NKARENG MATSHE | Bafana didn’t deserve Kodwa’s disrespect

Nkareng Matshe Sports editor
Evidence Makgopa of South Africa tackled by Boubacar Kiki Kouyate of Mali during the Africa Cup of Nations match between Mali and South Africa on Tuesday
Evidence Makgopa of South Africa tackled by Boubacar Kiki Kouyate of Mali during the Africa Cup of Nations match between Mali and South Africa on Tuesday
Image: Samuel Shivambu/BackpagePix Staff

The disrespect meted out on Bafana Bafana went up a notch this week, and no, this time it didn’t come from the usual trolls who wait for the team’s slightest failure and mock them endlessly.

As if losing the opening Africa Cup of Nations finals match against Mali on Tuesday was not enough, Bafana had the misfortune of having to listen to sports minister Zizi Kodwa offering them advice, inside their dressing room, minutes after the match.

It must have been a weird feeling for the players, and worse for the coaching staff. Hugo Broos was pictured with a bowed head, his arm on his jaw, as if to say, ‘what the hell is this’!

Kodwa rumbled on about how the 0-2 defeat was “part of football which can be changed by a split second”.

He then told the players they inspired a lot of South Africans. But they must have been pressed to hold their laughter when he said “you defeated [Mali] in the first half”. Cringeworthy stuff.

Why did Kodwa feel the compulsion to enter Bafana’s dressing room after Tuesday’s match? He was accompanied by Safa president Danny Jordaan, so I assume he okayed the impromptu, but totally needless visit by the minister.

This wouldn’t have happened with any respected national team. Unfortunately, Bafana have known only disrespect – from fans, football administrators and now opportunistic politicians – despite making giant strides over the past two years under Broos.
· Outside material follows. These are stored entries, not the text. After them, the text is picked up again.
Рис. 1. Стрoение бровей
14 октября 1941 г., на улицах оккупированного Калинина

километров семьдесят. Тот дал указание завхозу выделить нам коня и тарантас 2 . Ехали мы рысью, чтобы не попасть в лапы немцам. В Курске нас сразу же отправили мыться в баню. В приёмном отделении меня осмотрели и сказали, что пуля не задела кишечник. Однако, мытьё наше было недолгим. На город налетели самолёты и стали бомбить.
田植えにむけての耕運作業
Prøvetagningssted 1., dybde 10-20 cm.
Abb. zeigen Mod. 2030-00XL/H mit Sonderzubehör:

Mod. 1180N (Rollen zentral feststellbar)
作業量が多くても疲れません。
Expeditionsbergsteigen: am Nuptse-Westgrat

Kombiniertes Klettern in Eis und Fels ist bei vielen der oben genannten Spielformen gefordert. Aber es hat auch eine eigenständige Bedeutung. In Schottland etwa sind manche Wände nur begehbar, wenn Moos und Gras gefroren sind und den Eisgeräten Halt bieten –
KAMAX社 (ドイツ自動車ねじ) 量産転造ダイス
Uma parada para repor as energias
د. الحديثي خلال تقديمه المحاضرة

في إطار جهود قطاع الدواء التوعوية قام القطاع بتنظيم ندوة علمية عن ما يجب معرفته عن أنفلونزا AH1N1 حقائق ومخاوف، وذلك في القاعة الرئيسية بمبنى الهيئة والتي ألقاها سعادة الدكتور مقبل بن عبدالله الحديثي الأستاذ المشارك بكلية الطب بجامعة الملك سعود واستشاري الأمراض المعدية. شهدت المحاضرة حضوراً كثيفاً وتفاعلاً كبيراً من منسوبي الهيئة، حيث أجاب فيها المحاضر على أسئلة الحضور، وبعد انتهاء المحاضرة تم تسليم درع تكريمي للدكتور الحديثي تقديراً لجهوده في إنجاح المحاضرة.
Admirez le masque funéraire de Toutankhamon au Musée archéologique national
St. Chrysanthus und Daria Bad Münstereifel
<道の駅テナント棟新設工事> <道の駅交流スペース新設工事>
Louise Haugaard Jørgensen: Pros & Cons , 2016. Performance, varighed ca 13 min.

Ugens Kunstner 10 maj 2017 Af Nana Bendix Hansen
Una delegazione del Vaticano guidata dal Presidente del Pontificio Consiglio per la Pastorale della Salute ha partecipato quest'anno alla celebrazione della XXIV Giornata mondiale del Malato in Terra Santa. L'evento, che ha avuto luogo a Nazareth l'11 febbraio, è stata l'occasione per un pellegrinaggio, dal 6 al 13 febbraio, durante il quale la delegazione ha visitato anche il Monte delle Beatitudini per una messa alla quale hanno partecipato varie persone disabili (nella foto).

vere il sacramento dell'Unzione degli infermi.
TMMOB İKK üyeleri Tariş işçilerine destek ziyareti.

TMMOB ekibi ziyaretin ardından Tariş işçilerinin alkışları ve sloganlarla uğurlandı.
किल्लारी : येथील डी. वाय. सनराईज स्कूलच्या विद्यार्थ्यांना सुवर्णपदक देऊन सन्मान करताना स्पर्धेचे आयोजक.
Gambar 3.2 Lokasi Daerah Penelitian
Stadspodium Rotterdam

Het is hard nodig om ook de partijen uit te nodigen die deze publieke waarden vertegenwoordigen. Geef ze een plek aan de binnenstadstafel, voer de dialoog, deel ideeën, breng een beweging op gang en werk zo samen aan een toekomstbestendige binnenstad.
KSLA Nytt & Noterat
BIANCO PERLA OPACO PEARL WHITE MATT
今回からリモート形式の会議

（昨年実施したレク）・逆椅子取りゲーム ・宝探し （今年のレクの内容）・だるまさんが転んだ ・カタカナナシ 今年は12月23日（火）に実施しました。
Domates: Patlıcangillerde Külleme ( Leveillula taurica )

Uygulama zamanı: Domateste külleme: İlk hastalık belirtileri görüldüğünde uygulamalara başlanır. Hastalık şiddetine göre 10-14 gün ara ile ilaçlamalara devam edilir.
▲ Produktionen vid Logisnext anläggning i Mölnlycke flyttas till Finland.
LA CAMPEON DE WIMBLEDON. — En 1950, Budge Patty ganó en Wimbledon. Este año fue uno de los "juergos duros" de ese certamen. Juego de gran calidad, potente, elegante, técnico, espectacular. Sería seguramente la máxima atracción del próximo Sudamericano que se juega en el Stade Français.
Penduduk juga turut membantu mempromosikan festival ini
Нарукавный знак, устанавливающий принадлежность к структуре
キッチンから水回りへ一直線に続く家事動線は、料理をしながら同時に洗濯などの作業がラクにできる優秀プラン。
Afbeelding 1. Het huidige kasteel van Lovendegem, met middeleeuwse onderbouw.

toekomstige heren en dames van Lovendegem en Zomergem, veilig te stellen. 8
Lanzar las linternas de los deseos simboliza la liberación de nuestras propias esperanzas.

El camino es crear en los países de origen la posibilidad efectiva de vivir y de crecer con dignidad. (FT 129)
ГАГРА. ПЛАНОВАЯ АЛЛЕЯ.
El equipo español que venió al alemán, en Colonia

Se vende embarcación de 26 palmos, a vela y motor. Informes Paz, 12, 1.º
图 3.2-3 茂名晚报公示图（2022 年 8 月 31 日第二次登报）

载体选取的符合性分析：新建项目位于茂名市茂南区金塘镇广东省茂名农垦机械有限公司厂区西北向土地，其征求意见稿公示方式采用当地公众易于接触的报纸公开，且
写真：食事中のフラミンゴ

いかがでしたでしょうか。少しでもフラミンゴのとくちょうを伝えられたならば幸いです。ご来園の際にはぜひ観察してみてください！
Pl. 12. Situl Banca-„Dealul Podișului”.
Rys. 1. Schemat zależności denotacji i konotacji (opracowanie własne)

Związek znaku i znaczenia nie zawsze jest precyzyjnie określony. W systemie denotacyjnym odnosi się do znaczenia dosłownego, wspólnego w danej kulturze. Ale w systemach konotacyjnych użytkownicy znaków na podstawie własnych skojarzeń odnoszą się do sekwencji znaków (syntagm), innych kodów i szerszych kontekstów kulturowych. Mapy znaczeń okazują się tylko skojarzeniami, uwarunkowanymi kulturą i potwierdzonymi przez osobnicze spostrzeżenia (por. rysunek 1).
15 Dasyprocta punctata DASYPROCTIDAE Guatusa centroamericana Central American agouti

One defeat heralded untold abuse on the players, Percy Tau bearing the brunt of it for his missed penalty. Supposed patriotic fans who woke up to news that the national team had lost – some without having bothered to watch the match – had a filled day, gleefully taking turns to ridicule them.

Others spoke of how Bafana were “useless” in comparison to the triumphant Springbok world champions, without the context of knowing there are no more than five nations playing rugby on the continent and probably fewer than 10 in the entire world who take it with the seriousness it merits.

It was a free-for-all, Bafana castigated for losing an opening match against a team ranked three places above them. An uninformed observer would have thought Bafana were headed out of the tournament after just one match. Yet they have two to go: against Namibia on Sunday and Tunisia on Wednesday.

A place in the knockout phase is still possible, but such is the pessimism that usually befalls Bafana, they needed a whole government minister to give a pep talk inside a dressing room, normally a very scared space in professional sports.

Kodwa could never have entered the Boks dressing room following their defeat to Ireland in Paris last year. He got away with it because it was Bafana in there – the most dissed of our national teams.

Bafana sure could have done with Kodwa’s support last month, when Broos called on the PSL to halt its programme to allow players to recuperate and rest ahead of travelling to Ivory Coast. The minister was nowhere to be seen or heard of.

Broos has spent the past two years trying to arrange a meeting with PSL coaches to harmonise relations which have deteriorated over the last decade. The meeting has not taken place. Kodwa could have used his powers and intervened by calling the PSL and Safa bosses to order, for the bigger benefit of Bafana. He didn’t.

But on Tuesday, he found courage to enter the Bafana dressing room, adding to the hyperbole that followed the defeat and inevitably piling more pressure on dejected players. We’ve become too accustomed to Bafana being disrespected, but when even the higher echelons of government circles add to their taunting, we have to draw the line. This must stop.